Task goal -> For this exercise, output the entries below exactly from the line that holds "L'évolution du nombre" to the line that holds "Perched high in", both ends included. No pictures belong in the copy.

Stored data ->
+++
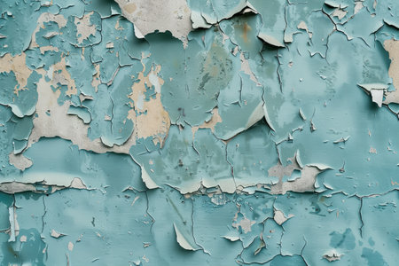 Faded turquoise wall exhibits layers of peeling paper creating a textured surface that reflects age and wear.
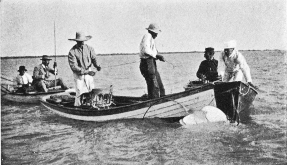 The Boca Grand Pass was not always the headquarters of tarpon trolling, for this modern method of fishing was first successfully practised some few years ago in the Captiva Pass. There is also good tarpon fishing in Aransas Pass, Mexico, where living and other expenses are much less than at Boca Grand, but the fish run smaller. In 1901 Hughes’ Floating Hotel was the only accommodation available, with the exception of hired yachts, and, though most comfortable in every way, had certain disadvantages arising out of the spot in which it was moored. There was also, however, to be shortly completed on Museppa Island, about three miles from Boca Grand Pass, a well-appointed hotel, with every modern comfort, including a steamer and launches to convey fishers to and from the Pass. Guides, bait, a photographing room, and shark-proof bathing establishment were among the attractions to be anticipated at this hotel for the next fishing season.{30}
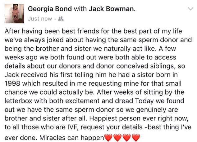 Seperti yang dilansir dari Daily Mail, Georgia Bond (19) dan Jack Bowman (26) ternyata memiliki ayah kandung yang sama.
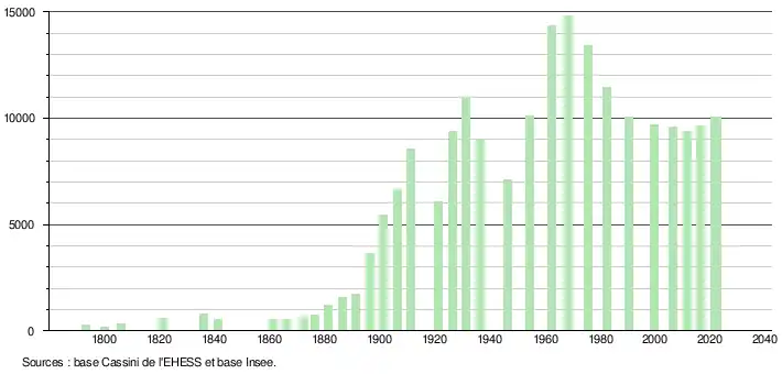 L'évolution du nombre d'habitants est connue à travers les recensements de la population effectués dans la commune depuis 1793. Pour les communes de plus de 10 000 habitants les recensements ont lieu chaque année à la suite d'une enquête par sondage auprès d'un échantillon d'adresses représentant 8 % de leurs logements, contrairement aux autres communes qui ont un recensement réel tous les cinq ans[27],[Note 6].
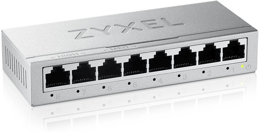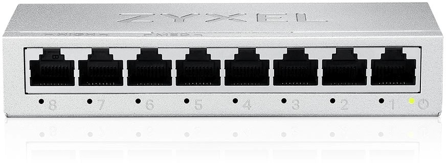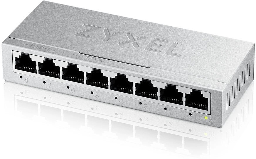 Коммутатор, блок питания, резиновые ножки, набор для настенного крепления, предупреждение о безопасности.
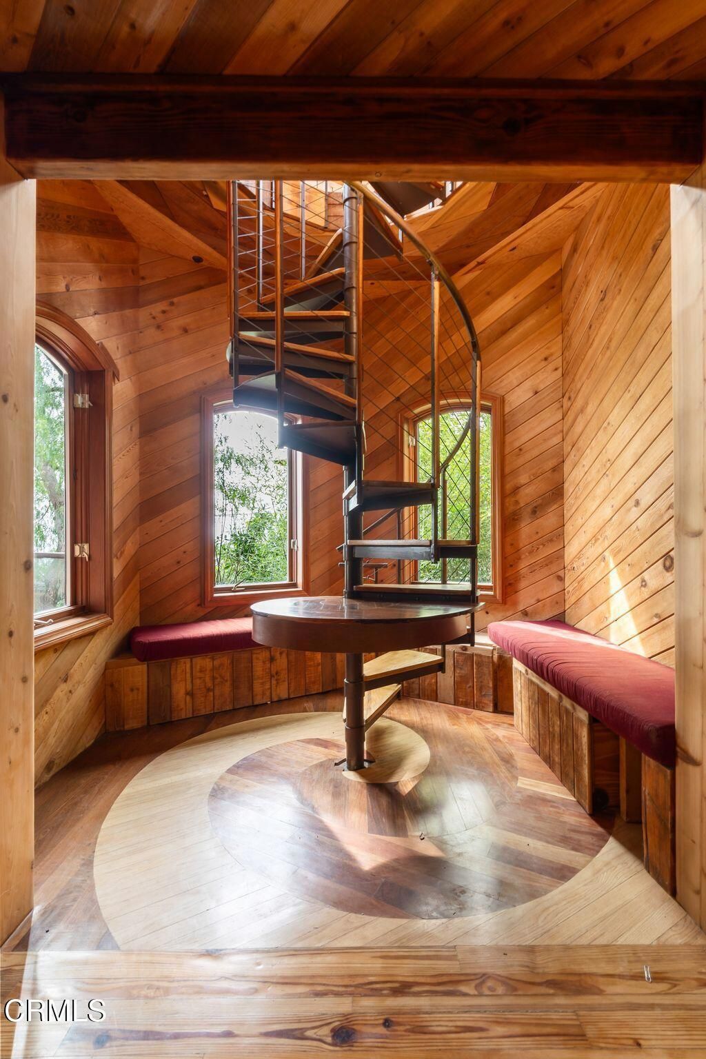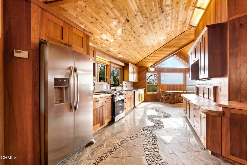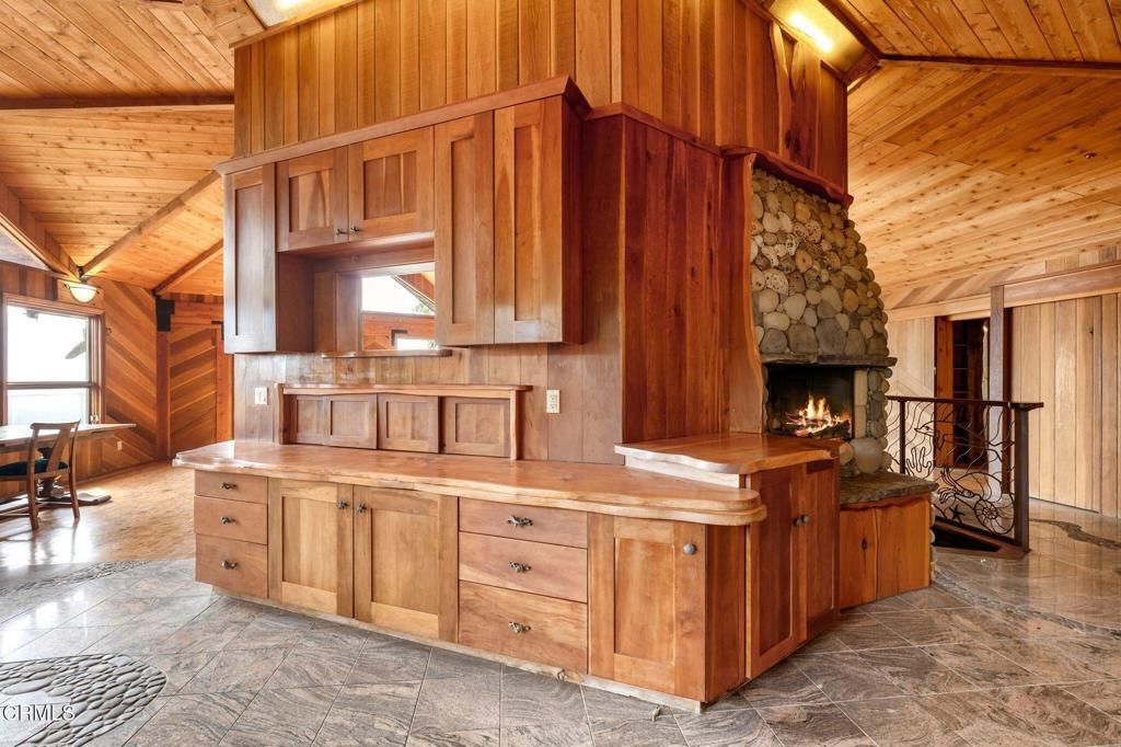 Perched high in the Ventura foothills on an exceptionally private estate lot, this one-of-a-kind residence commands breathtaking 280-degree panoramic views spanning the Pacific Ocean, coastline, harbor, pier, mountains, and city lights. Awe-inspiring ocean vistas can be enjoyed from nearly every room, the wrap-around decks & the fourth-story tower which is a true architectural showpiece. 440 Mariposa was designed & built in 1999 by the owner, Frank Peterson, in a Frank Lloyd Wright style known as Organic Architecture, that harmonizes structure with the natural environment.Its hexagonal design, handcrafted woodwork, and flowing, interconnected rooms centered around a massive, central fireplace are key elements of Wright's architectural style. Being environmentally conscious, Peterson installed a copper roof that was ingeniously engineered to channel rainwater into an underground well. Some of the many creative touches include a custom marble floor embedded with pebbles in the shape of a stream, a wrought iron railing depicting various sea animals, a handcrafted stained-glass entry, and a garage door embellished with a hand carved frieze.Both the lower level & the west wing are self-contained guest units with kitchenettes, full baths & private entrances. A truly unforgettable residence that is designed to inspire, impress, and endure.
+++
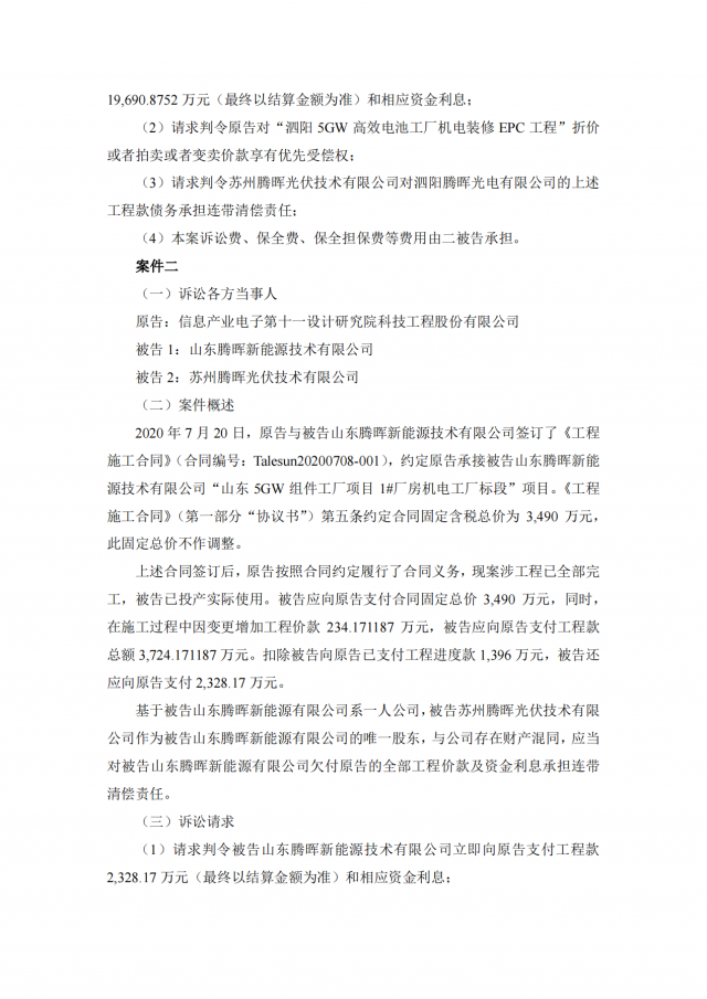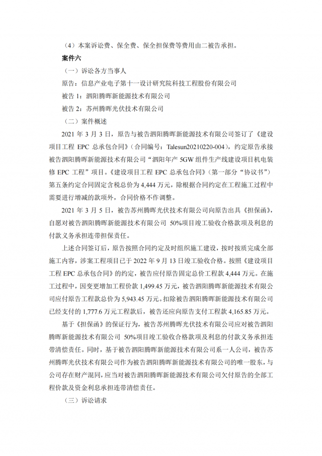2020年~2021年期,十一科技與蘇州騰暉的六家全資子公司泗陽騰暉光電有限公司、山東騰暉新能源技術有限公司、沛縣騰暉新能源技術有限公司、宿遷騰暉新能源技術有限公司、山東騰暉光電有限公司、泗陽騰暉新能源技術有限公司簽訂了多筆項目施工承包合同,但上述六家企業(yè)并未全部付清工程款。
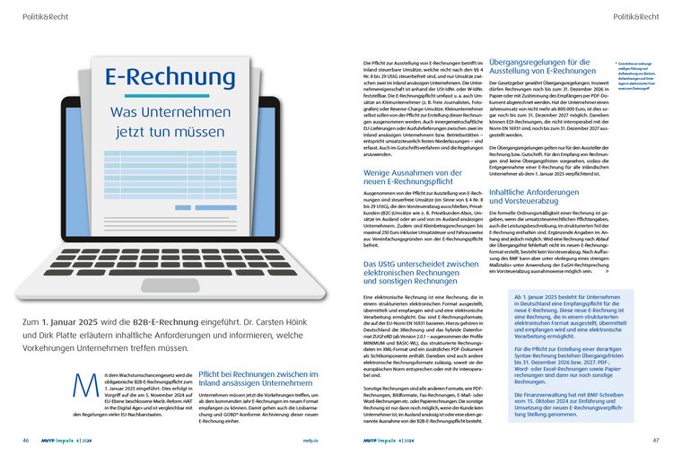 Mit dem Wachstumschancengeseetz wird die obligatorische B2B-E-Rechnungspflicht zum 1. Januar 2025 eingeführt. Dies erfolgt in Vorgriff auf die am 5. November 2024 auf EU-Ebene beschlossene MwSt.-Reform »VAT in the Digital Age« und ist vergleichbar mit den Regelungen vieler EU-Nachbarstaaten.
+++
Response ->
 L'évolution du nombre d'habitants est connue à travers les recensements de la population effectués dans la commune depuis 1793. Pour les communes de plus de 10 000 habitants les recensements ont lieu chaque année à la suite d'une enquête par sondage auprès d'un échantillon d'adresses représentant 8 % de leurs logements, contrairement aux autres communes qui ont un recensement réel tous les cinq ans[27],[Note 6].
 Коммутатор, блок питания, резиновые ножки, набор для настенного крепления, предупреждение о безопасности.
 Perched high in the Ventura foothills on an exceptionally private estate lot, this one-of-a-kind residence commands breathtaking 280-degree panoramic views spanning the Pacific Ocean, coastline, harbor, pier, mountains, and city lights. Awe-inspiring ocean vistas can be enjoyed from nearly every room, the wrap-around decks & the fourth-story tower which is a true architectural showpiece. 440 Mariposa was designed & built in 1999 by the owner, Frank Peterson, in a Frank Lloyd Wright style known as Organic Architecture, that harmonizes structure with the natural environment.Its hexagonal design, handcrafted woodwork, and flowing, interconnected rooms centered around a massive, central fireplace are key elements of Wright's architectural style. Being environmentally conscious, Peterson installed a copper roof that was ingeniously engineered to channel rainwater into an underground well. Some of the many creative touches include a custom marble floor embedded with pebbles in the shape of a stream, a wrought iron railing depicting various sea animals, a handcrafted stained-glass entry, and a garage door embellished with a hand carved frieze.Both the lower level & the west wing are self-contained guest units with kitchenettes, full baths & private entrances. A truly unforgettable residence that is designed to inspire, impress, and endure.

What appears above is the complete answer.